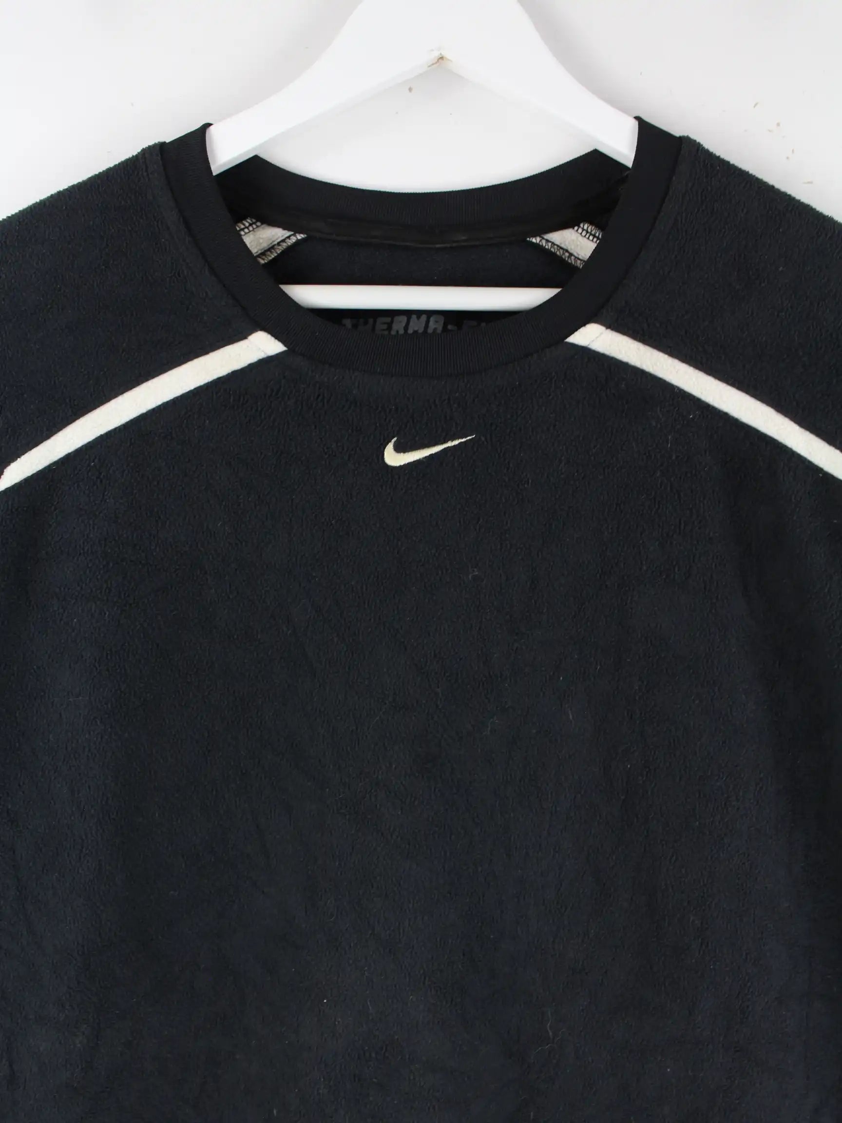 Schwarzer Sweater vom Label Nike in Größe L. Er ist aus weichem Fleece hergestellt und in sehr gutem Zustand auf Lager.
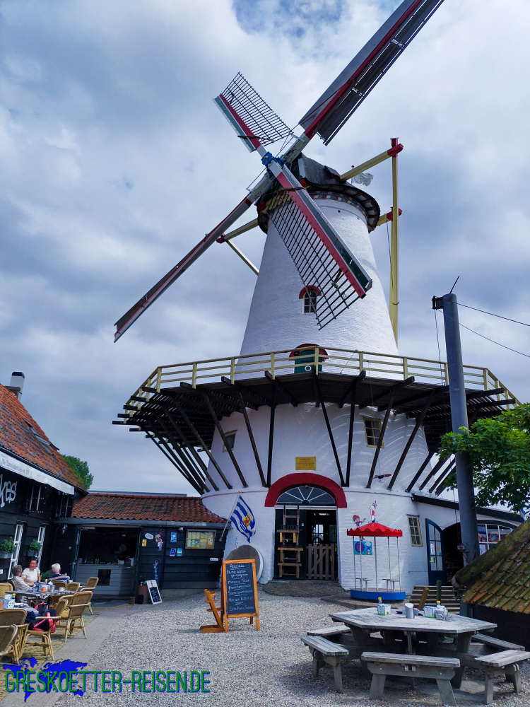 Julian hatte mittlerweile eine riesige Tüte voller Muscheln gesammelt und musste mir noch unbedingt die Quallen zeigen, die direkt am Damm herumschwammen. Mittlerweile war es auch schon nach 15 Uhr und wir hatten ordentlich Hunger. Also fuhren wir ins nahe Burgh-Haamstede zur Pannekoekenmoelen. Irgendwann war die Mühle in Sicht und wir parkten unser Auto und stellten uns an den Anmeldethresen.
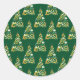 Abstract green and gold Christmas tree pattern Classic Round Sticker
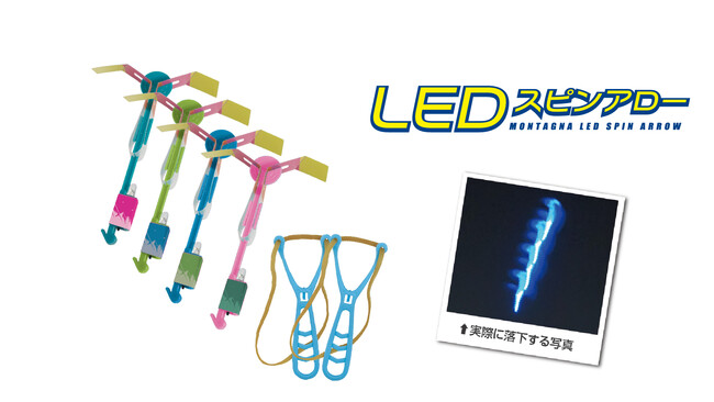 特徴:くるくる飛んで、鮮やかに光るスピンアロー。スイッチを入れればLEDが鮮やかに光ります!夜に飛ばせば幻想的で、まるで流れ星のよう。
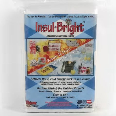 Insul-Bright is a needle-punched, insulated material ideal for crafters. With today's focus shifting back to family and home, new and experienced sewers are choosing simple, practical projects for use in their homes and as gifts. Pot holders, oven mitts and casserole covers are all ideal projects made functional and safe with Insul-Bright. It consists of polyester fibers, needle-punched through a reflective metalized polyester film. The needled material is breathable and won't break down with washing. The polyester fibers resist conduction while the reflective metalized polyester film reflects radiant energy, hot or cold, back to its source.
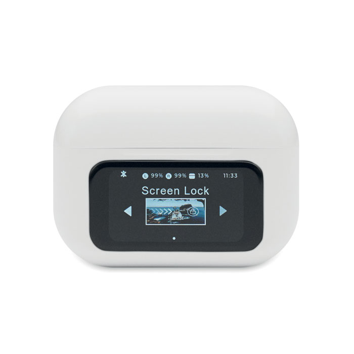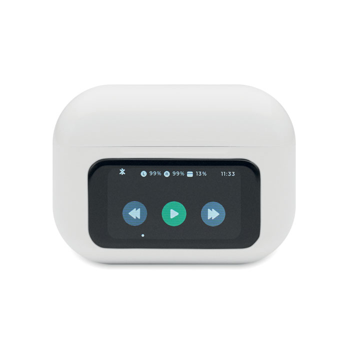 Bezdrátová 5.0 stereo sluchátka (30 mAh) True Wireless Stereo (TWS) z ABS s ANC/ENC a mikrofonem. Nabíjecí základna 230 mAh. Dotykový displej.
...
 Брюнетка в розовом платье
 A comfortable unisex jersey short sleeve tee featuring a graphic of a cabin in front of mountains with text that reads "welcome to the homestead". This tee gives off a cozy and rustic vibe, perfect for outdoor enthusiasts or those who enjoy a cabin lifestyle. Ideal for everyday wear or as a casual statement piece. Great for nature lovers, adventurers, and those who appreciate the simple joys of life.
...
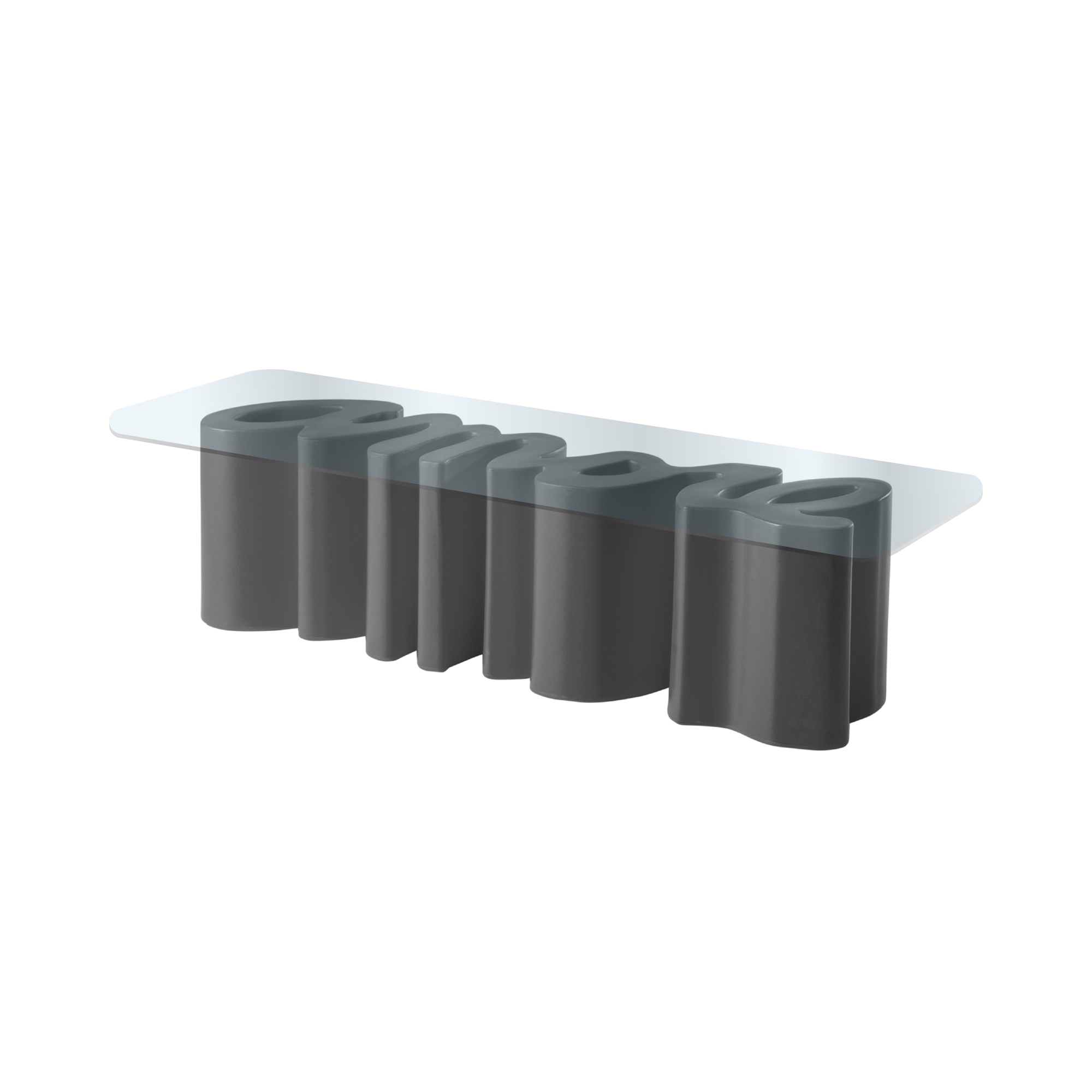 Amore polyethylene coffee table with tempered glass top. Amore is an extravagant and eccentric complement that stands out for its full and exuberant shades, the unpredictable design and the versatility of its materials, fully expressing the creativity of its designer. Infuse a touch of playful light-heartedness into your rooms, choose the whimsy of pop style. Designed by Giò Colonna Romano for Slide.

» **Prompt**
Print exactly the lines above that run from the one with "特徴:くるくる飛んで、鮮やか" down to the one with "Bezdrátová 5.0 stereo", and omit the pictures.

» **Exercise solution**
 特徴:くるくる飛んで、鮮やかに光るスピンアロー。スイッチを入れればLEDが鮮やかに光ります!夜に飛ばせば幻想的で、まるで流れ星のよう。
 Insul-Bright is a needle-punched, insulated material ideal for crafters. With today's focus shifting back to family and home, new and experienced sewers are choosing simple, practical projects for use in their homes and as gifts. Pot holders, oven mitts and casserole covers are all ideal projects made functional and safe with Insul-Bright. It consists of polyester fibers, needle-punched through a reflective metalized polyester film. The needled material is breathable and won't break down with washing. The polyester fibers resist conduction while the reflective metalized polyester film reflects radiant energy, hot or cold, back to its source.
 Bezdrátová 5.0 stereo sluchátka (30 mAh) True Wireless Stereo (TWS) z ABS s ANC/ENC a mikrofonem. Nabíjecí základna 230 mAh. Dotykový displej.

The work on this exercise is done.